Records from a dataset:
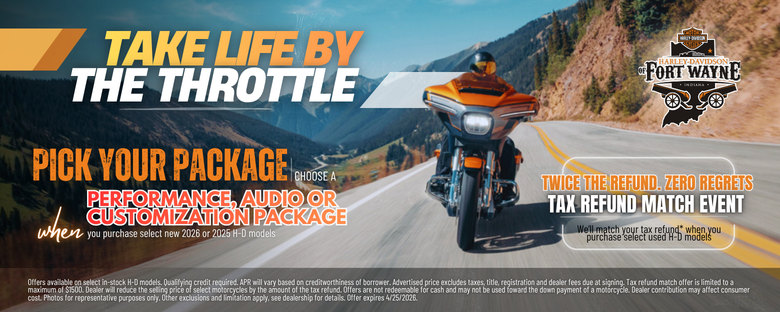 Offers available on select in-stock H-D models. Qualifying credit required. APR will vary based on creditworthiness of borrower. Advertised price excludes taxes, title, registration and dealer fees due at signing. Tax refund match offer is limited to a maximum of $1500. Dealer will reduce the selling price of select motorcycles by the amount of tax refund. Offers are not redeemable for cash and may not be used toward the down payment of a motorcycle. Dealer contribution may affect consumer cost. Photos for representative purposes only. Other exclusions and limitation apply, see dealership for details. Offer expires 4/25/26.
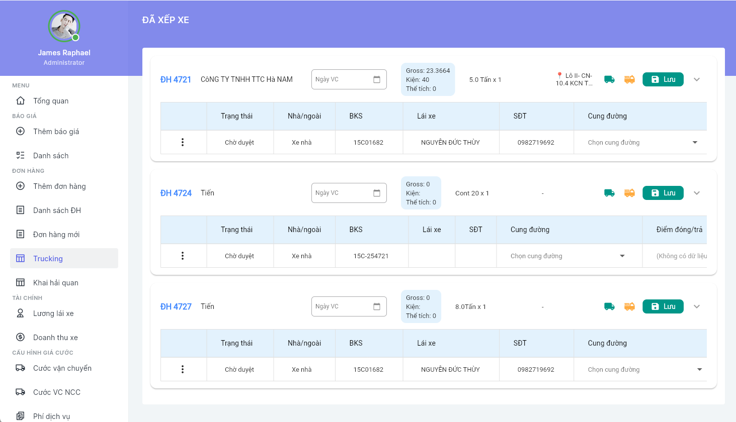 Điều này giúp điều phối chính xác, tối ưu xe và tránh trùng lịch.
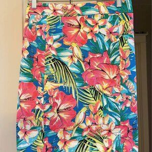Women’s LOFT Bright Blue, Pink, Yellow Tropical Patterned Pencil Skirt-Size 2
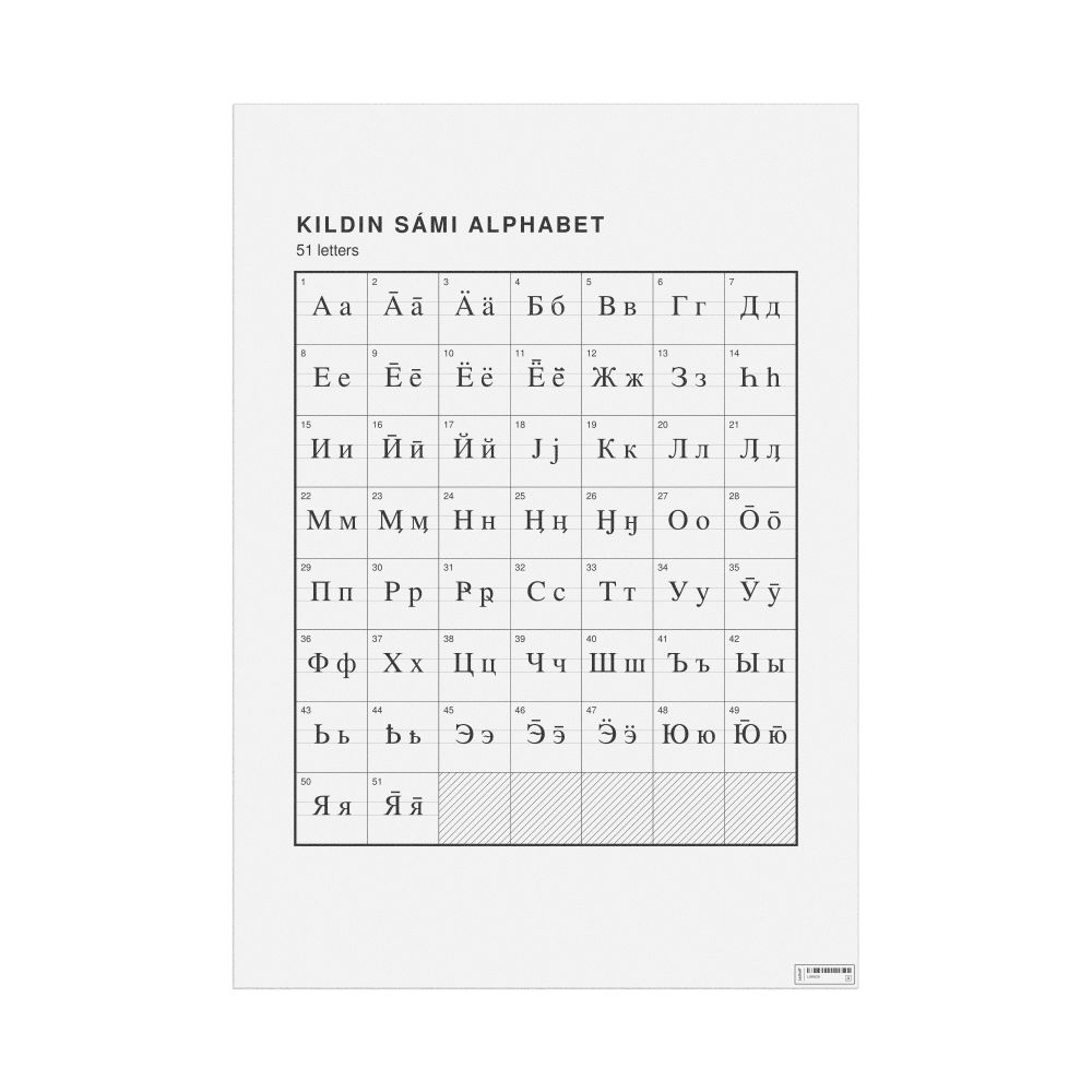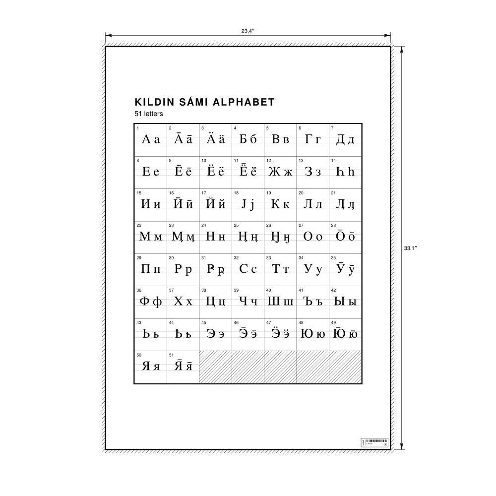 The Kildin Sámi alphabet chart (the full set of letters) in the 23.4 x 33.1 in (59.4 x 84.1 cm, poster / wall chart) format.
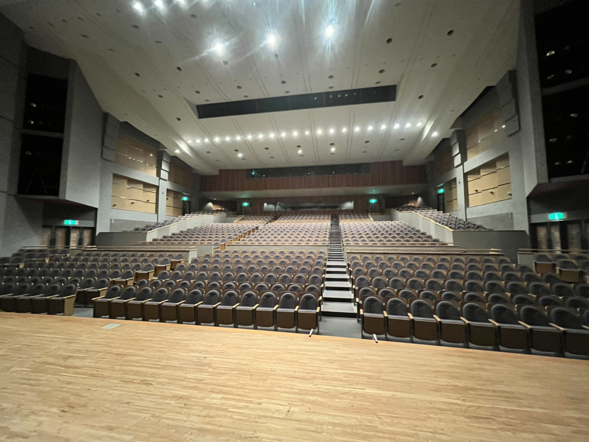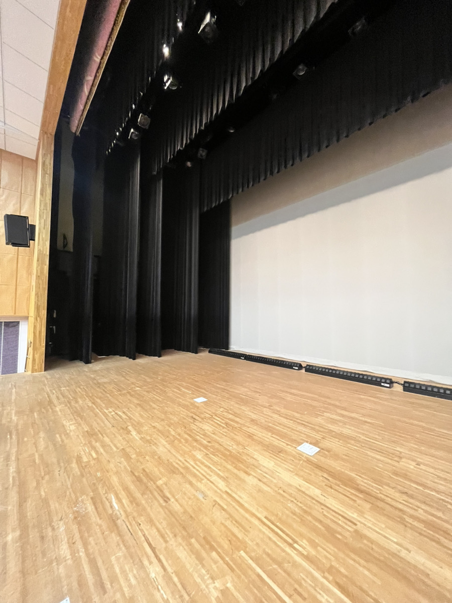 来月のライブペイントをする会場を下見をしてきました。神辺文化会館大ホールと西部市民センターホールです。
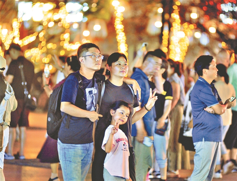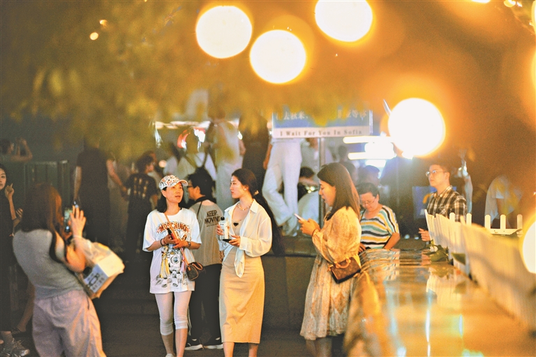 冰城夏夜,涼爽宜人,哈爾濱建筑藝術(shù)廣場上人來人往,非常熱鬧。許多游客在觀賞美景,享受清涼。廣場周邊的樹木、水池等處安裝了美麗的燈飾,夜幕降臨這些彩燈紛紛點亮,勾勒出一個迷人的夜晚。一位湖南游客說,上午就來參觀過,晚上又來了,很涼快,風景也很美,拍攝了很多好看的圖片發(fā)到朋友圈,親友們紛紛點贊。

● Task item
Word for word, give the entries above again, with no images included.

● Answer box
 Offers available on select in-stock H-D models. Qualifying credit required. APR will vary based on creditworthiness of borrower. Advertised price excludes taxes, title, registration and dealer fees due at signing. Tax refund match offer is limited to a maximum of $1500. Dealer will reduce the selling price of select motorcycles by the amount of tax refund. Offers are not redeemable for cash and may not be used toward the down payment of a motorcycle. Dealer contribution may affect consumer cost. Photos for representative purposes only. Other exclusions and limitation apply, see dealership for details. Offer expires 4/25/26.
 Điều này giúp điều phối chính xác, tối ưu xe và tránh trùng lịch.
Women’s LOFT Bright Blue, Pink, Yellow Tropical Patterned Pencil Skirt-Size 2
 The Kildin Sámi alphabet chart (the full set of letters) in the 23.4 x 33.1 in (59.4 x 84.1 cm, poster / wall chart) format.
 来月のライブペイントをする会場を下見をしてきました。神辺文化会館大ホールと西部市民センターホールです。
 冰城夏夜,涼爽宜人,哈爾濱建筑藝術(shù)廣場上人來人往,非常熱鬧。許多游客在觀賞美景,享受清涼。廣場周邊的樹木、水池等處安裝了美麗的燈飾,夜幕降臨這些彩燈紛紛點亮,勾勒出一個迷人的夜晚。一位湖南游客說,上午就來參觀過,晚上又來了,很涼快,風景也很美,拍攝了很多好看的圖片發(fā)到朋友圈,親友們紛紛點贊。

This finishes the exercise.